--- Entries shown Enclosed Below ---

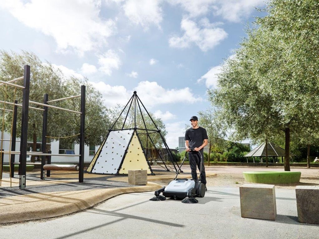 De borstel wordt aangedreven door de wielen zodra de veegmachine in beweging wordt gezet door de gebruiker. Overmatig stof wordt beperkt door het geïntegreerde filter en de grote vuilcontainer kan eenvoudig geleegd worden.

--- End of Enclosed Entries shown ---
--- Entries shown Enclosed Below ---

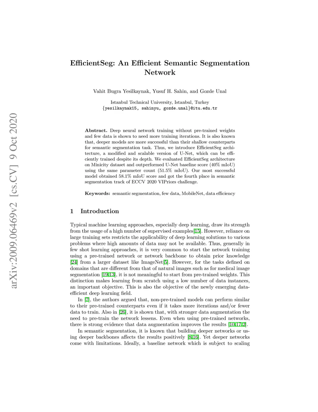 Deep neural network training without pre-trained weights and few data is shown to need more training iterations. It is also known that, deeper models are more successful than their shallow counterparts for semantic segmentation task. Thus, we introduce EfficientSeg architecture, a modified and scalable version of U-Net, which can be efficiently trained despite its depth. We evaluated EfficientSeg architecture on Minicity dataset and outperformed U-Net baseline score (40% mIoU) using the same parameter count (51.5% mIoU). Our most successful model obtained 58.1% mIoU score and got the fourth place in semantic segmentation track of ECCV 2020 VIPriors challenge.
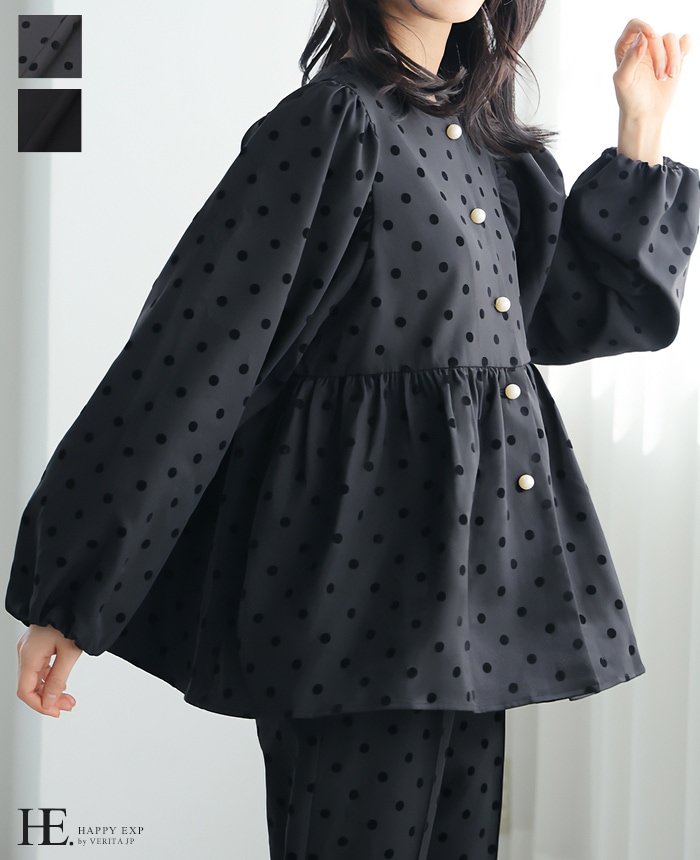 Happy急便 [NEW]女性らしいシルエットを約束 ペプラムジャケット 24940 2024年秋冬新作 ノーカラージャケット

--- End of Enclosed Entries shown ---

> _Assignment_: What belongs in the answer is each line above from the line with "Deep neural network" to the line with "Happy急便 [NEW]女性らしいシルエットを約束 ペプラムジャケット", inclusive, reproduced exactly and free of pictures.

> _Solution to this task_:
 Deep neural network training without pre-trained weights and few data is shown to need more training iterations. It is also known that, deeper models are more successful than their shallow counterparts for semantic segmentation task. Thus, we introduce EfficientSeg architecture, a modified and scalable version of U-Net, which can be efficiently trained despite its depth. We evaluated EfficientSeg architecture on Minicity dataset and outperformed U-Net baseline score (40% mIoU) using the same parameter count (51.5% mIoU). Our most successful model obtained 58.1% mIoU score and got the fourth place in semantic segmentation track of ECCV 2020 VIPriors challenge.
 Happy急便 [NEW]女性らしいシルエットを約束 ペプラムジャケット 24940 2024年秋冬新作 ノーカラージャケット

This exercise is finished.